Accessing Data In the Multiverse

Being with my lover (plus friend and mentor), another tiny detail crossed my mind that I thought I should clarify, and be clear with Sandra about. I had read all the information about camping, then missed the deadline, and wasn’t planning on going to the event anyway, so I deleted the email — it wasn’t personal. (However, based on what I’ve written below, it will probably seem like an intentional slight. Yet, I was processing all the aforementioned, and am just in a major declutter mode.)

If an email doesn’t hold any useful information, or important correspondence, or have nostalgic relevance, etc — especially now that I’m so inundated — I try to get rid of as much as possible, asap. While I do store or file an awful lot (see below), I actually try to keep my Inbox emails to a bare minimum (my main account is overflowing and hasn’t been decluttered in years; but my PM account, pre-March 2022, is a better example of how I prefer things to be; and at one time, I had planned to move everything over there — even though I knew back in 2002-ish that basically paid privacy services of any kind are basically a sham, and a type of honeypot, but with equal spying on all legal users, as well as on any prospective criminals or illegal activities — see below**).

And for the record, early on in my relationship with Sandra, I tried to do right by her (inviting her whenever possible; offering lifts; enquiring about her mental state; trying to potentially be a listening ear to perhaps facilitate her healing process, and help keep her on a stronger, more stable track, since she had shared with me her traumatic experiences). Yet, as with so many things since 1999 (and earlier), I’m basically just a puppet on a much larger stage, or a fly in a big web, lol.

Cybersecurity? LOL!

This article below is 25 years too late — and anyway, there has never been much public interest in the topic of online privacy and security — even though it means your offline daily life and personal safety can be affected in a heartbeat; plus, 99.999% of users lack the know-how to stay on top of this all-encompassing reality; the few true tech-savvy privacy-defenders and freedom-fighters have been safely ‘put away’ or co-opted (by 2001?); and any oversight body formed would be toothless, or any information they might provide merely offers a false sense of security:

Cybersecurity 101: Protect your privacy from hackers, spies, and the government” by Charlie Osborne, Contributor on Jan. 21, 2022

Just another pointless activity to keep people occupied, and distract them from what’s really going on, lol.

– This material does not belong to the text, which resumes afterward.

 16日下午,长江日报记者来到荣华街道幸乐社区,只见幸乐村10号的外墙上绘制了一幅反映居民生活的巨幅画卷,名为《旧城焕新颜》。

Government Surveillance = Corporate Gain…And So Much More

All this is actually related to another thing that Big Brother observed about others and myself early on (ie, prior to Gmail’s soft launch in 2003), which I believe may have contributed to the clear and sudden change in tack by Big Business email providers. Whereas many of the larger companies at the time (Yahoo, Hotmail, AOL, etc) were limiting their users to a really small amount of data storage, and then charging them to add more — and naturally, most customers regularly deleted their emails asap to maintain free service — I tended to keep many or all emails for reference.

Big deal, right? But when you’re living under a microscope, and your email habits, content, and activities are far from typical — this can all become highly useful, even creative, fodder. Kind of like an all-access *case study* — psychological profiling of an imperfect, but innocent person, who becomes driven to extreme and desperate measures. Result: an at-times deviant or possibly devious sociopath. (I would say that I oscillate between being too blunt and personal, to being seriously indirect and not knowing how to broach issues or ask for help, especially when it mattered most.)

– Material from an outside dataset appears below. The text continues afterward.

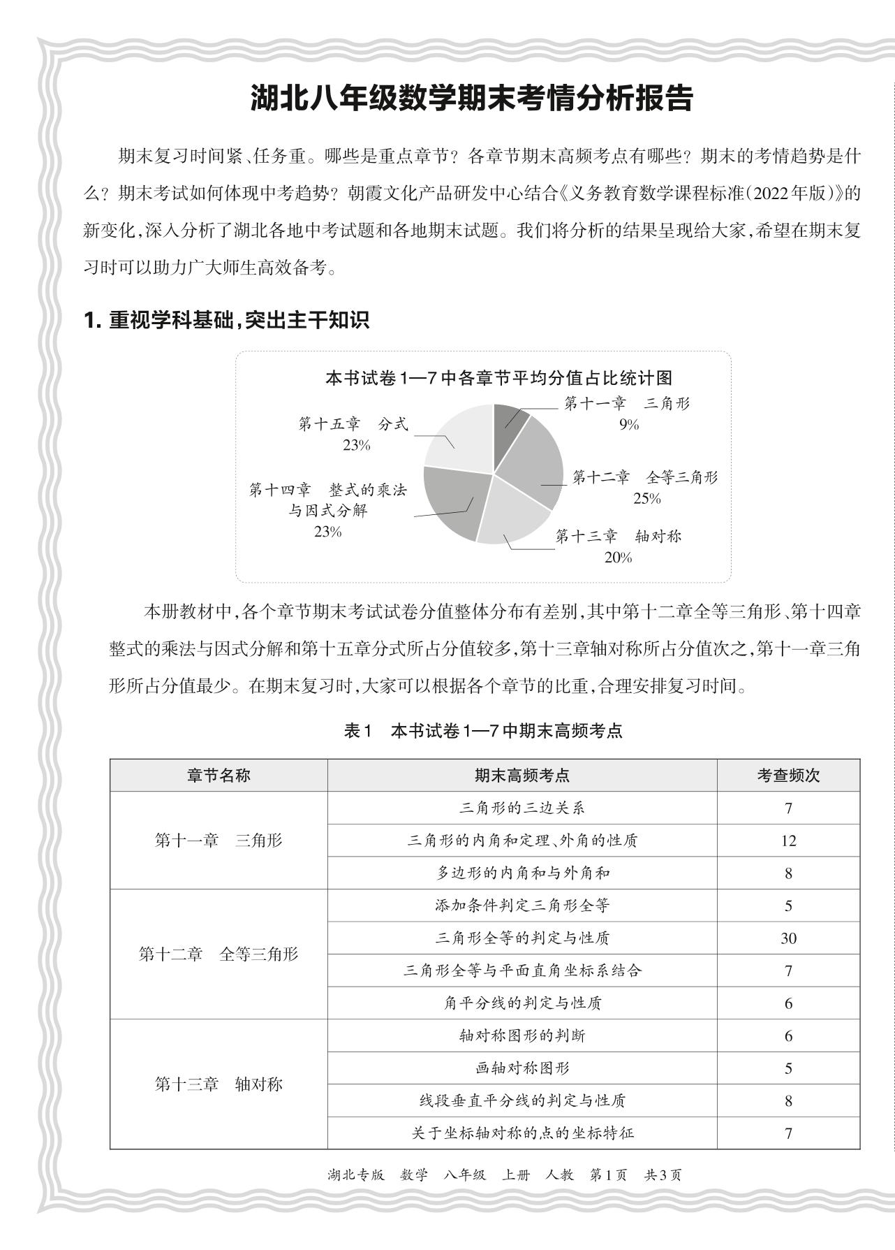 初中数学人教版八年级期末考情分析报告(2023秋湖北)

After 9/11 happened, Homeland Security in the U.S. were allowed to expand their powers limitlessly, and various large-scale data mining operations etc were launched. However, encouraging companies to allow customers to keep more of their emails does (or did) lighten the workload for them, and also offers a clearer picture about every individual citizen they may decide to home in on anytime (ie, their mindset, behaviours or habits, filing systems, and whatever) — both from a security and marketing perspective, lol.

Anyway, that’s all old-school. The metaverse of digital media and communications is infinite — and likewise, all electronic (and print) information may be compromised, mirrored, ghosted, captured/intercepted, redirected, edited, and/or otherwise manipulated in billions of ways — even retroactively.

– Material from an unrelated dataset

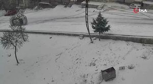 #Gaziantep’te kar yağışı nedeniyle kayganlaşan yolda sürücüsünün direksiyon hakimiyetini kaybettiği araç, kaldırıma ça...

No sense getting into the macro or micro of it all. Some of the information, explaining these highly concerning technical issues in layman’s terms, is probably no longer even readily available on the internet. Online content is being curated to such an extent, that 2 people can go to the same website and see different information; or, your social media content can be deliberately limited to a small audience; or, an article and weblink you saw yesterday, suddenly disappears the next day (or in my case, sometimes within minutes). Life in the bubble, lol.

[Frankly, this is a first: Seeing my birthday connected with something *remotely* (and supposedly) positive. Yes, pun intended. But of course, all the typos, nonsensical sentences and simplistic language kind of suggest that it is squarely aimed at me. LOL…]

Excerpt from article: “Towards multiverse databases


The application makes queries on behalf of an authenticated user, but it is up to the application itself to make sure that the user only sees data they are entitled to see. [Emphasis mine.]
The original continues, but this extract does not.